Долгое время мама сидит молча. Ох, черт. Зря я вмешалась — это не мое дело…
Впрочем, ведь они оба сами вовлекли меня в него, разве нет? Тихонько ахнув, мама прикрывает рот ладошкой.
— И с каких пор ты стала такая мудрая?
— Мам, все нормально. Можешь уезжать. Со мной все будет в порядке. И с папой. С нами со всеми.
— Я ведь люблю твоего отца, Кейт. Очень сильно.
Я сглатываю комок в горле.
— Только не всегда достаточно сильно, я права, мам?
— Нет. — Она обнимает меня так крепко, что я едва могу дышать. — Нет.
Поцеловав, она отпускает меня, и я бросаюсь наверх, в свою комнату. Мне в голову пришла неожиданная идея, но для начала надо привести себя в порядок. В таком виде я никуда не могу отправиться.
Для этого приходится применить душ, полбанки геля для волос и тонну макияжа, зато через час я приобретаю привычный человеческий вид. Никогда не подумаешь, что в совсем недавнем прошлом эта девушка заглотала семь желе с водкой.
Поворачиваюсь к зеркалу боком. Что-то мне не нравится этот топик ампирного покроя. Я купила его в субботу, когда мы с мамой ходили по магазинам. Он такой клевый — с вышивкой и бисером и прочими прибамбасами, но я в нем выгляжу как беременная…
Хватаю сумку. Да какая разница, как я выгляжу? Дело не во мне.
Увидев его, жалею, что не надела розовую футболку «Фэт фейс». Не хочу, чтобы он решил, будто я совсем перестала следить за собой.
— Кейт!
Решительно проталкиваюсь мимо него, прежде чем растерять остатки самообладания.
— Можно войти?
— А если бы я сказал «нет», что бы это изменило?
Я робко улыбаюсь. Дэн осторожно улыбается в ответ.
На миг мы оба застываем посреди гостиной, не зная, что делать дальше. Я стараюсь не вспоминать последний раз, когда была здесь.
— Хочешь кофе или чего-нибудь еще?
Ненавижу кофе.
— Конечно.
Вслед за ним перехожу в крошечную кухню, битком набитую грязной посудой и коробками из-под пиццы. А на подоконнике в ряд выстроились банки с темным скипидаром и кистями — прямо как у мамы.
Дэн суетится возле кофеварки. Кофейные зерна рассыпаются по замызганному пластику стола. Дэн открывает ведро, чтобы выкинуть старый фильтр, и я замечаю, что оно переполнено банками из-под пива и заплесневелыми чайными пакетиками.

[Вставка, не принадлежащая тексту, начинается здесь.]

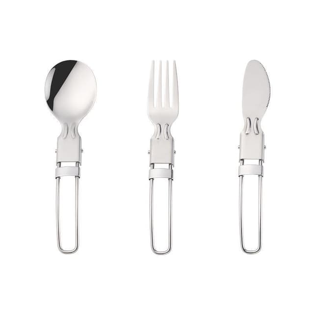 Bestikksett som inneholder gaffel, kniv og skje. Hvert bestikk er sammenleggbart, enkelt å ta med seg og oppbevare. Bestikket er laget av matgodkjent holdbart rustfritt stål.

— Ну, — говорит он, стоя спиной ко мне, — как прошли экзамены?
— Спасибо, хорошо. На французском пришлось трудновато, хотя в итоге, думаю, я справилась.
— Должна была. Тебе же представилась возможность попрактиковаться.
— А ты откуда знаешь?
Он поворачивается и широко улыбается.
— Слухами земля полнится.
— Я… я познакомилась с парнем. — Мои щеки пылают. — Он приедет в Бат на каникулы по студенческому обмену. Мы могли бы встретиться.
— Здорово. Это здорово!
Нервно перебираю кайму на топике.
— Слушай, извини за…
— Извини, что тебе пришлось…
Мы оба нервно смеемся. Кивком я призываю его говорить первым.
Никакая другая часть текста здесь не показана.